Search code examples
pythonjsoncsvapache-beamapache-beam-io

Use Apache beam `GroupByKey` and construct a new column - Python


From this question: How to group data and construct a new column - python pandas?, I know how to groupby multiple columns and construct a new unique id by using pandas, but if I want to use Apache beam in Python to achieve the same thing that is described in that question, how can I achieve it and then write the new data to a newline delimited JSON format file (each line is one unique_id with an array of objects that belong to that unique_id)?

Assuming the dataset is stored in a csv file.

I'm new to Apache beam, here's what I have now:

import pandas
import apache_beam as beam
from apache_beam.dataframe.io import read_csv

with beam.Pipeline() as p:
    df = p | read_csv("example.csv", names=cols)
    agg_df = df.insert(0, 'unique_id',
          df.groupby(['postcode', 'house_number'], sort=False).ngroup())
    agg_df.to_csv('test_output')        

This gave me an error:

NotImplementedError: 'ngroup' is not yet supported (BEAM-9547)
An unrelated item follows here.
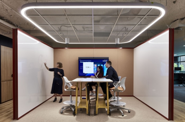 设计美学故意与现代低调和中性方法的概念相矛盾。工作场所生动而充满活力,突出了色彩、质感和体积。电蓝色楼梯在连接地板的同时充当视觉中心,促进运动和互动。#办公楼装修设计案例#

This is really annoying, I'm not very familiar with Apache beam, can someone help please...

(ref: https://beam.apache.org/documentation/dsls/dataframes/overview/)


Solution

  • Assigning consecutive integers to a set is not something that's very amenable to parallel computation. It's also not very stable. Is there any reason another identifier (e.g. the tuple (postcode, house_number) or its hash would not be suitable?